Hello fellas,
A week ago I made another post regarding an error I was getting while I was trying to run BBDuk on a number of fastq files. In that case, there were lines that miss the "+" char.
After looking a bit more I found the following:
Not only there are records that miss the "+" char but also records that miss the "@" char. And moreover there are also mismatches in the lengths of sequence and quality values for specific records.
I assume that maybe all these are fixable with a script but my question is, can we trust these files? Is it worth spending time and effort to fix them?
Thanking you in advance!
Its not my data. An external researcher is visiting and she wanted from us to do some bioinformatics... The samples were not sequenced by us but by her institution.
Then tell her to bring proper data. In the lab you also don't use buffers with mold growing in it, and in bioinformatics we don't start with corrupted data. Just my take on that...
I'd have to agree there... while you can generally recover a fastq to the point that it is spec-compliant, you don't know how or why the file was corrupted. So, perhaps, two programs were writing to the same file at the same time. In that case, half of your reads might be from the wrong experiment, and thus any conclusion you draw would be false.

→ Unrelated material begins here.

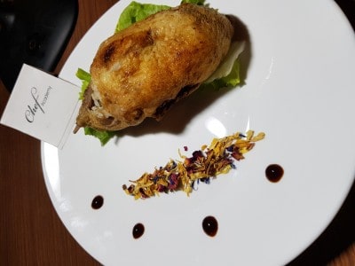Eviscerare e pulire le piume in eccesso del piccione,lasciar marinare il piccione per 6 ore con olio sale pepe e Aromi Vari (bacche di ginepro, alloro, rosmarino) coprire con la pellicola. Trascorse le 6 ore lavare accuratamente il Riso e farcire il pollo, cucire la cavità anale con del filo da cucina e legare con dello spago le cosce del piccione. mettere in una teglia con sedano carota cipolla e infornare a 160° per 45 minuti . Trascorsi 15 minuti innaffiare con abbondante vino bianco e coprire con la carta stagnola avendo cura di nappare tutte le parti del piccione. Nel frattempo montare i tuorli con una frusta aggiungendo l olio a filo e una volta che il composto sarà denso versare l’aceto e il peperoncino triturato in polvere. Per impiattare formare 4 gocce con la salsa piccante al lato sinistro del piatto formare una striscia di fiori edibili acanto alla salsa e adagiare il piccione su una foglia verde di lattuga.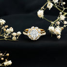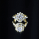 Why settle for an ordinary Diamond Ring Set when you can have this masterpiece, a perfect blend of vintage and modern charm - at its center sits an 8 MM round cut EF-VS quality diamond (lab grown) held in secure prong setting. Highlighting the center stone is a classic halo, curated with marquise shaped diamond stones set in beaded bezel setting that is sure to catch everyones eye. The matching ring guard perfectly compliments the design and creates this Wedding Ring Set a piece of versatile jewelry as you can wear them separately for an everyday style or stack them together for a statement look. Also, a diamond is an April birthstone, symbolizing everlasting love, strength, and wealth, making this Halo Engagement Ring with Wedding Band a meaningful and thoughtful accessory in your jewelry collection.

perhaps ask her about the origin of the data, how was the data postprocessed
FASTQ data is a bit more resilient than other types of data as each sequence is on a separate line, and a corrupted line does not affect all the rest,
in the end only the sequence is important, all the other header and qualities are not all that relevant
sometimes salvaging a hopeless data can make you feel like a hero, I like to feel like a hero
Thanks for the feedback fellas! I agree with the aforementioned!